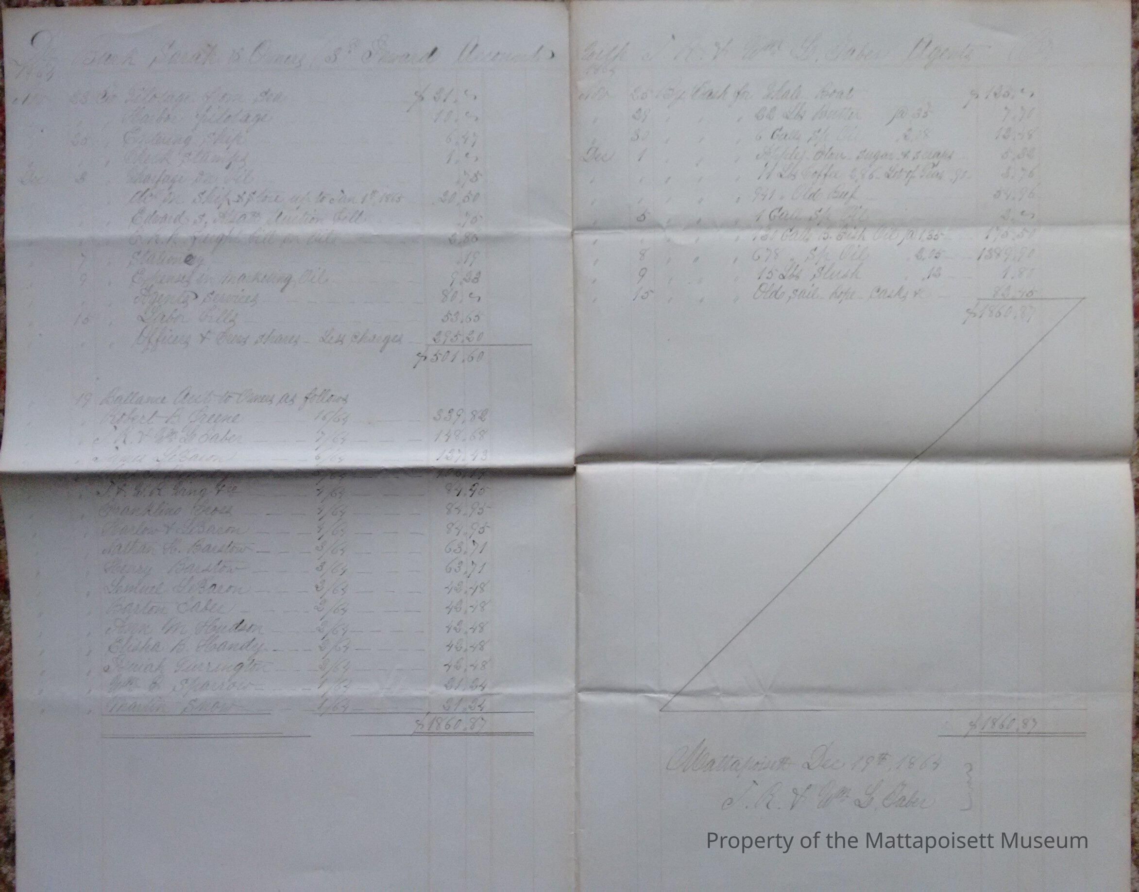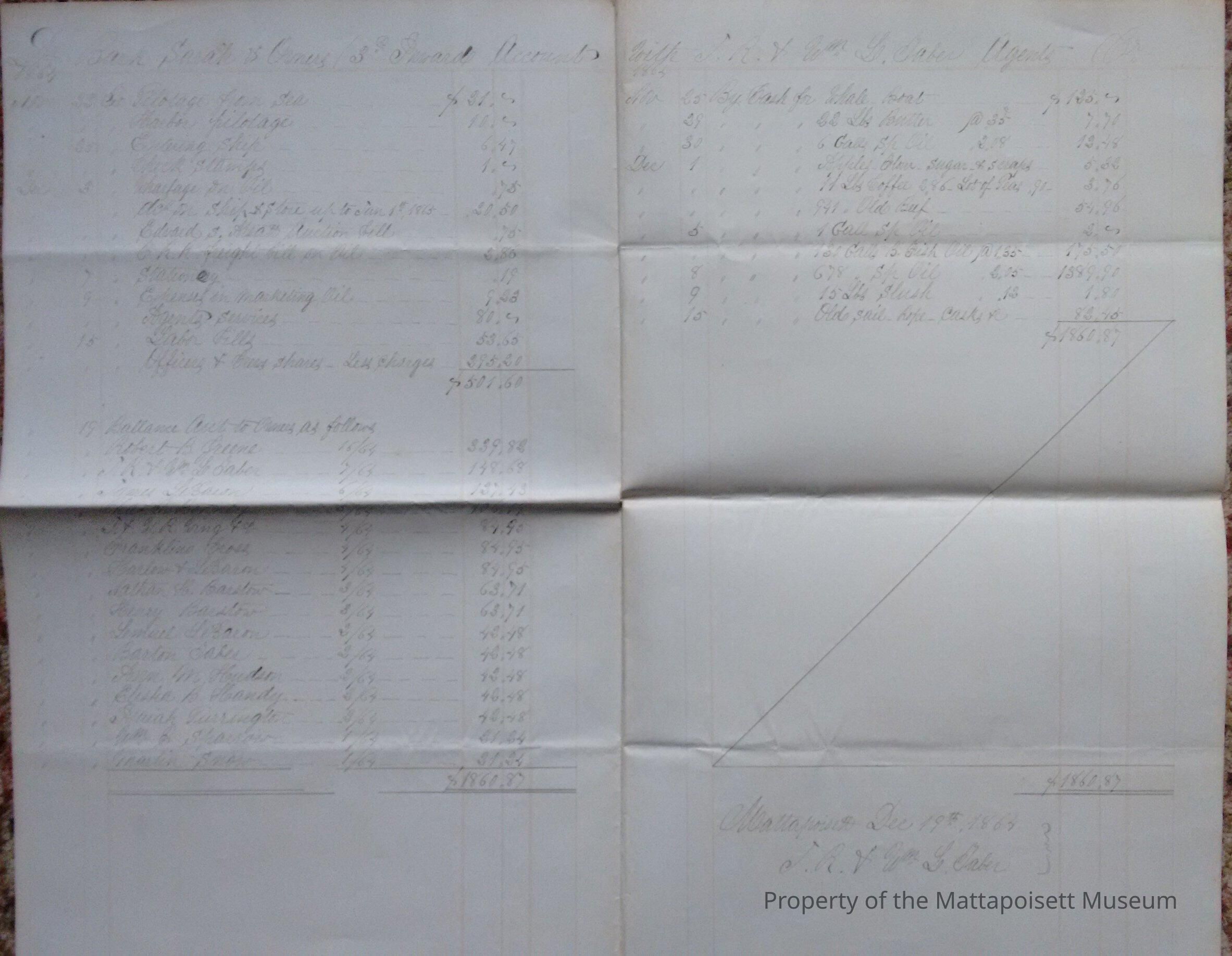 Accounting pages for Bark Sarah and owners, in account with J. R. & Wm L. Taber.Acquisition
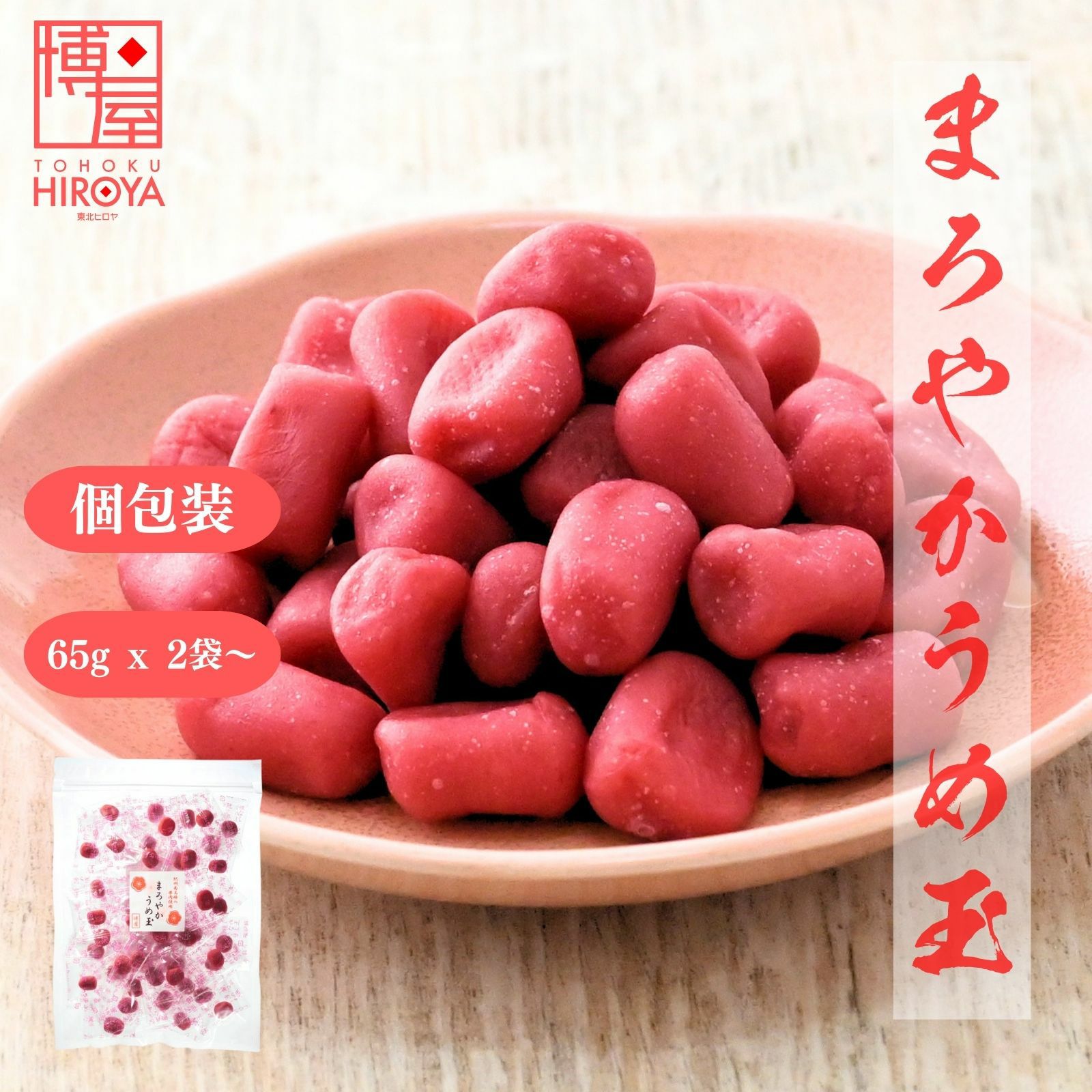 おやつに、お茶請けに。紀州南高梅の果肉を使用したねり梅を丸めた、やわらかいお菓子です。プレーンな梅味と甘口の蜂蜜味をセットにしました。 国産 梅玉 個包装 (うめ玉 65g x1袋 + はちみつうめ玉 65g x 1袋) x 1セット~ 国産 送料無料 チャック付き保存袋 ¥ 1,468 税込 〜 ¥ 税込 詳細を見る お気に入り登録
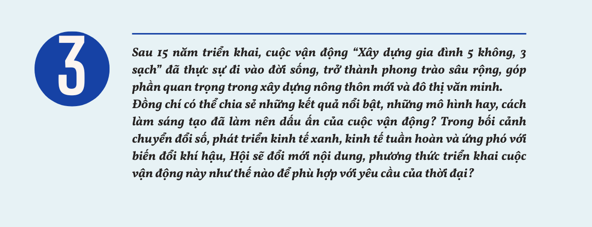 15 năm không chỉ là dấu mốc của một cuộc vận động, mà còn là hành trình vun đắp những giá trị tốt đẹp, nơi hàng triệu phụ nữ Việt Nam cùng nhau viết nên câu chuyện của tình yêu thương, của trách nhiệm và niềm tin vào cuộc sống. Cuộc vận động “Xây dựng gia đình 5 không, 3 sạch”, góp phần kiến tạo những ngôi nhà sạch đẹp, những làng quê trù phú, xây nên “ngôi nhà tinh thần” của người phụ nữ Việt Nam thời đại mới, nơi hội tụ tình yêu thương, trách nhiệm và khát vọng cống hiến.
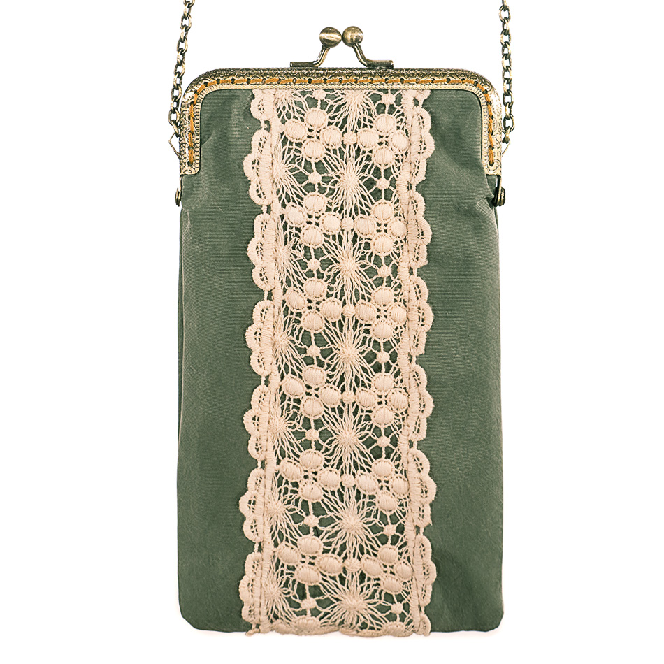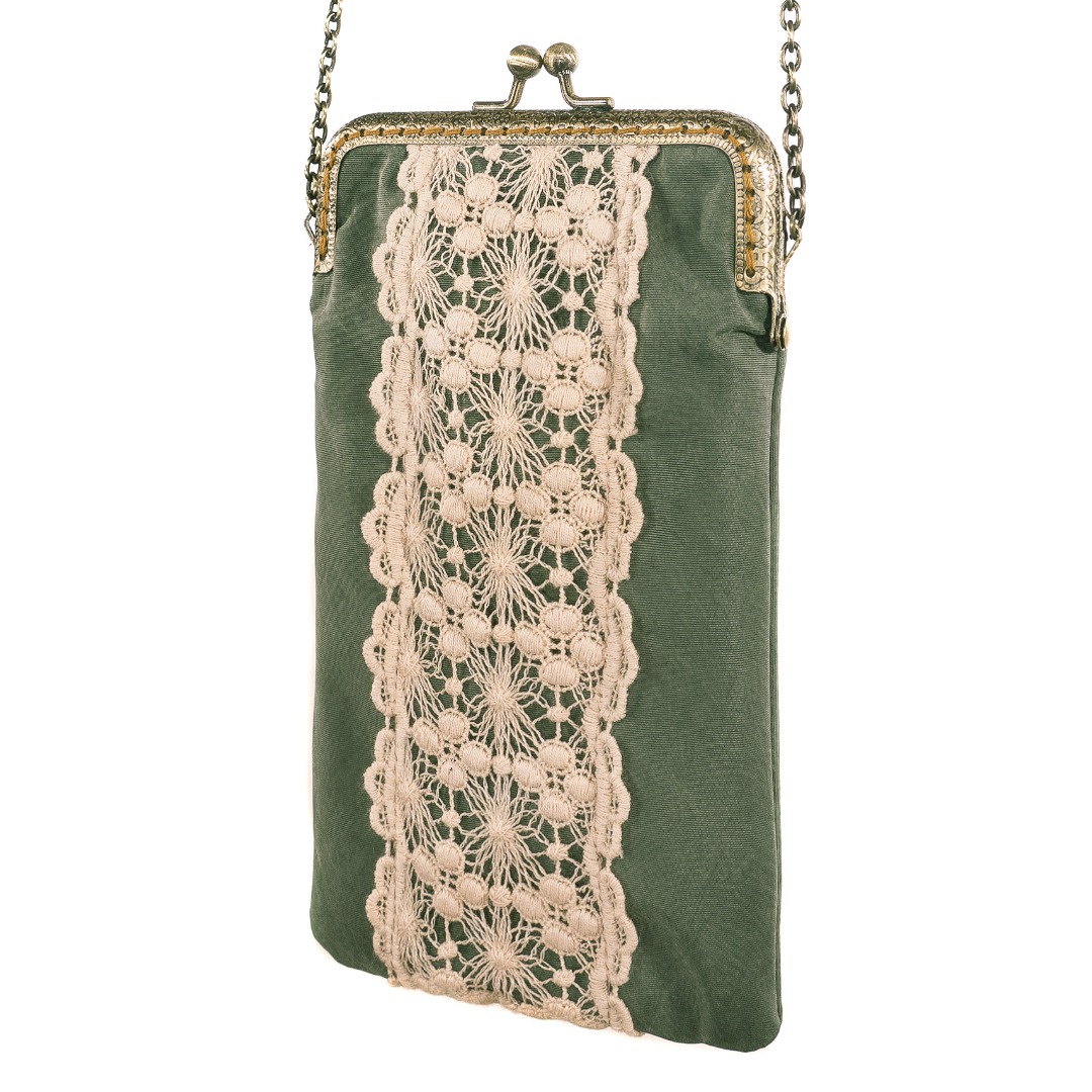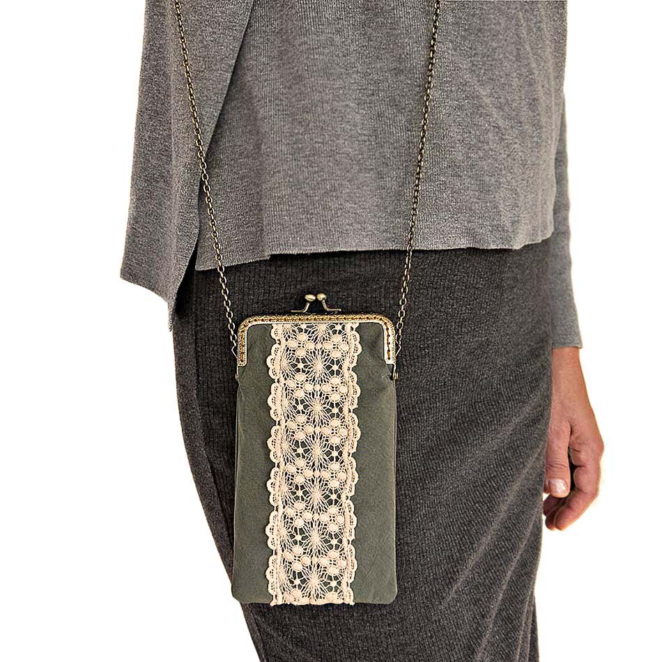 Όμορφη θήκη - τσαντάκι κινητού ή γυαλιών από βαμβακερό ύφασμα με δαντέλα βαμμένη στο χέρι. Εσωτερικά έχει μαλακή προστατευτική ενίσχυση αφού είναι φοδραρισμένο με πολυεστερικό καπιτονέ ύφασμα και βάτα. Η θήκη έχει λεπτή αλυσίδα μήκους 124 εκατοστών ώστε να μπορεί να φορεθεί στον ώμο ή χιαστί.
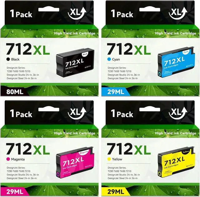 Package Contents: 4-Pack 712xl Ink Cartridge-3ED71A 3ED67A 3ED68A 3ED69A (Black/Cyan/Magenta/Yellow)
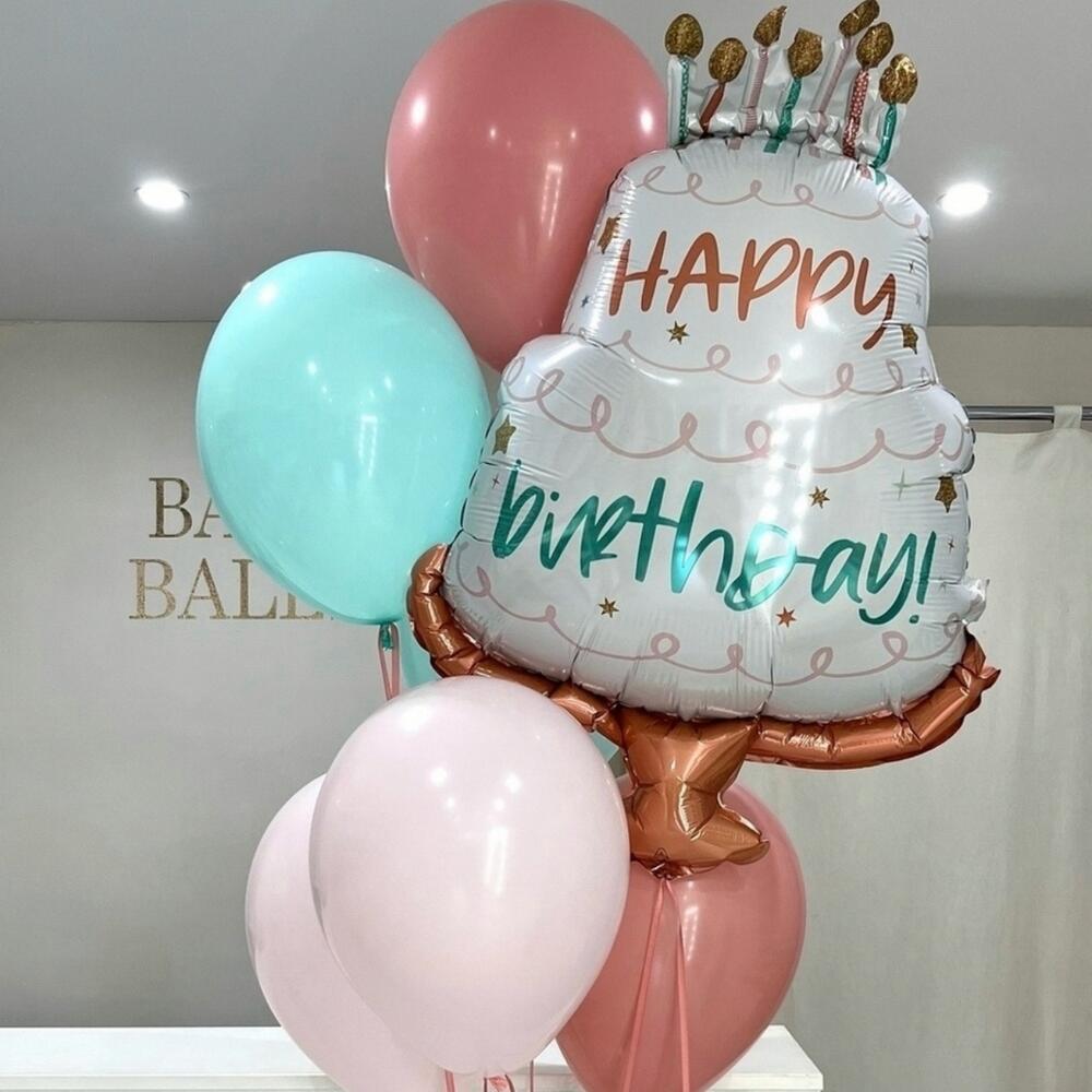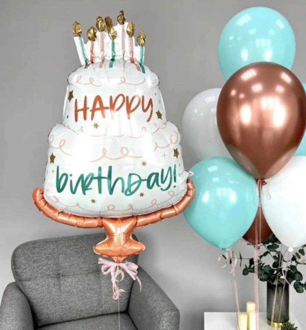 Фольгированный шар в форме торта со свечами — это элегантный и стильный элемент декора для любого праздника.
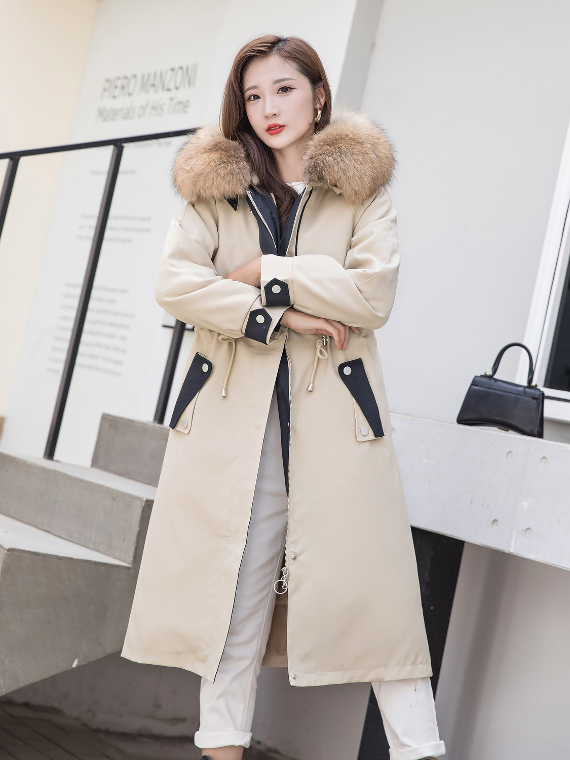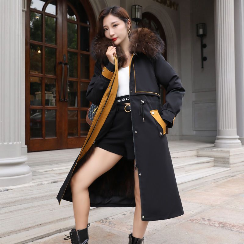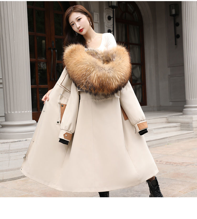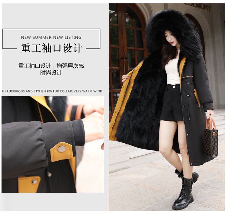 DD-2023新款貉子毛内胆派克服女可拆卸中长款派克服大衣皮外套女冬

## EXERCISE GOAL
Your task is to retype exactly the lines that run from the line with "Όμορφη θήκη - τσαντάκι" through the last line of the material, with the pictures left out.

## RESULT
 Όμορφη θήκη - τσαντάκι κινητού ή γυαλιών από βαμβακερό ύφασμα με δαντέλα βαμμένη στο χέρι. Εσωτερικά έχει μαλακή προστατευτική ενίσχυση αφού είναι φοδραρισμένο με πολυεστερικό καπιτονέ ύφασμα και βάτα. Η θήκη έχει λεπτή αλυσίδα μήκους 124 εκατοστών ώστε να μπορεί να φορεθεί στον ώμο ή χιαστί.
 Package Contents: 4-Pack 712xl Ink Cartridge-3ED71A 3ED67A 3ED68A 3ED69A (Black/Cyan/Magenta/Yellow)
 Фольгированный шар в форме торта со свечами — это элегантный и стильный элемент декора для любого праздника.
 DD-2023新款貉子毛内胆派克服女可拆卸中长款派克服大衣皮外套女冬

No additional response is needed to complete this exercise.